There are some who say that you have to give 72 hours notice before importing but that only applies if it is a motorized vehicle. We were told we would need a recall clearance letter but they did not ask to see it when we came into Canada.

len


----------



## duggy (Mar 17, 2010)

CdnOutback said:


> There are some who say that you have to give 72 hours notice before importing but that only applies if it is a motorized vehicle. We were told we would need a recall clearance letter but they did not ask to see it when we came into Canada.
> 
> len


Yeah, that's the way I understand it to be as well. Do they charge the $100 air tax on trailers, or is that also just on motorized vehicles?

Doug


----------



## CdnOutback (Apr 16, 2010)

duggy said:


> There are some who say that you have to give 72 hours notice before importing but that only applies if it is a motorized vehicle. We were told we would need a recall clearance letter but they did not ask to see it when we came into Canada.
> 
> len


Yeah, that's the way I understand it to be as well. Do they charge the $100 air tax on trailers, or is that also just on motorized vehicles?

Doug
[/quote]

They do... and the RIV costs about 200 if I remember correctly. And GST of course. The Government always has to get there share!! Boo..Hiss!!


----------



## duggy (Mar 17, 2010)

We are finally proud owners of a 2011 Outback 250 RS!









We got up bright & early Friday morning and drove the 250 miles to Great Outdoors RV in Fulton, NY. Did the inspection and orientation Friday afternoon. Only three minor fixes needed (upside down light switch, fridge latch adjustment and three dabs of Dicor on the roof). Everything else appears to be good to go.

Then we drove 15 minutes down the road to the Outback Steakhouse for supper. Yeah, my DW thought I was nuts, but she loved the salmon and now she wishes there was a location near home.

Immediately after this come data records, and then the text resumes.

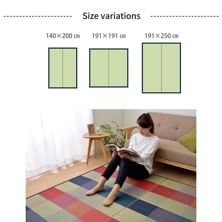広島県のデニム生地メーカーとコラボした商品です。デニムの生地をヘリに使用しました。カラフルない草とデニムは相性ばっちりです。お部屋の雰囲気をがらりと変えてくれる商品です。国産(九州産)のい草を使用しています。一本一本が太く、表皮が厚く繊維がキメ細かいので弾力性があり、耐久性に優れています。い草には空気の自然浄化作用、湿度の調節作用などがあります。裏には国産のウレタンを使用しほどよいクッション性を持たせました。い草に青森ヒバ加工を施しています。(抗菌、防臭効果)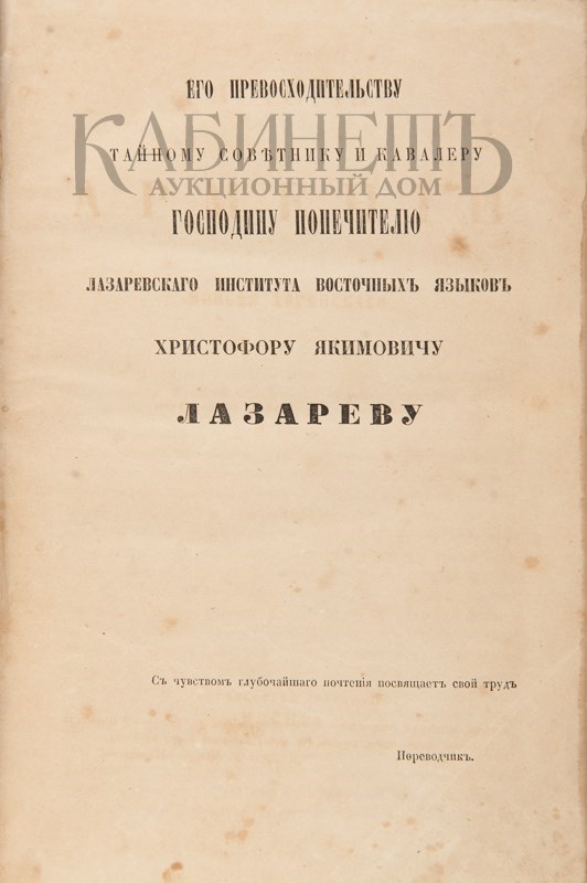 Экземпляр в современном полукожаном переплете с золотым тиснением по корешку.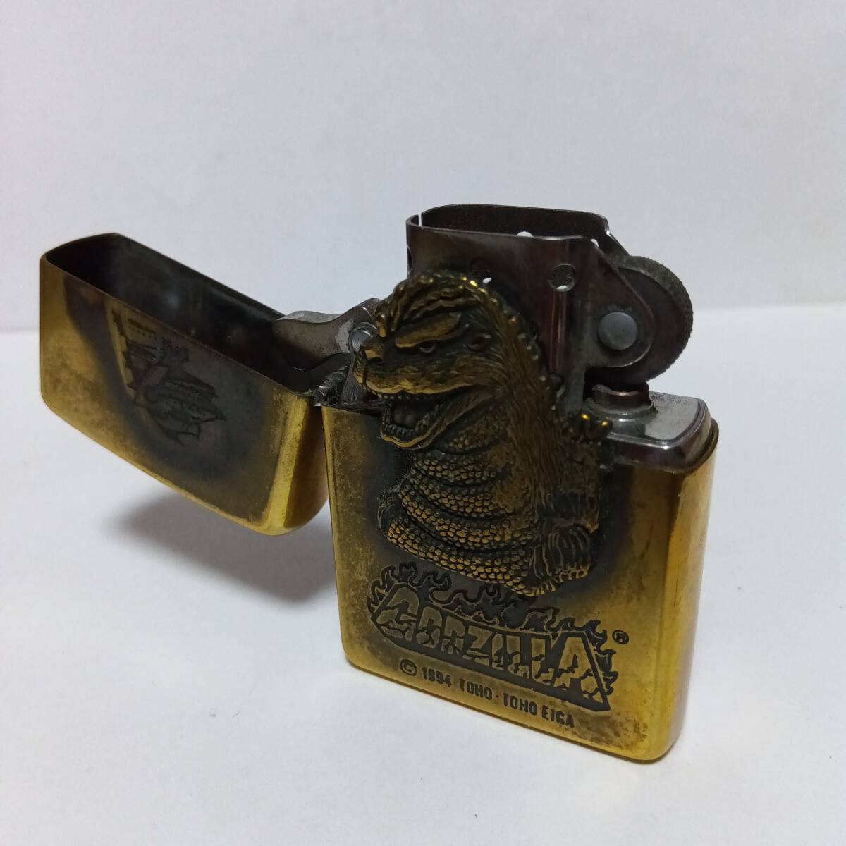 1994年製のゴジラ立体彫刻アンティーク風のジッポです。

We drove over to the Walmart, bought a few necessities, and got permission to set-up in the parking lot for the night. The DW did some final cleaning on the inside of the trailer, while I installed the electric tongue jack, then we played some cards and had a couple beers, while admiring our new purchase.

Saturday morning we headed back to Canada. Customs took about 30 minutes, and the rest of the drive was uneventful. The trailer followed along quite nicely. The only time it gave much of a tug on the van, was when a large, square fronted delivery truck blew by us at about 80 miles an hour. My little 4.3 litre V6 was working pretty hard, but survived the trip. It will be nice when the new van arrives in about a month. The van was supposed to be in before the trailer, but it's late, and the trailer was early.

We spent yesterday afternoon, and most of today, loading the trailer and arranging storage. Not done with all the little details, but ready or not, it will be on a campsite Friday night.

Life is good,

Doug


----------



## CdnOutback (Apr 16, 2010)

Looks good! Congrats and enjoy.... Now just the RIV stuff which is a snap..


----------



## Jim B (Mar 26, 2010)

Congrats on the new trailer and early congrats on the new tow rig. That new van should make towing a breeze.

Jim


----------



## gzaleski (Aug 29, 2009)

Congratulation!! & Happy Camping!!


----------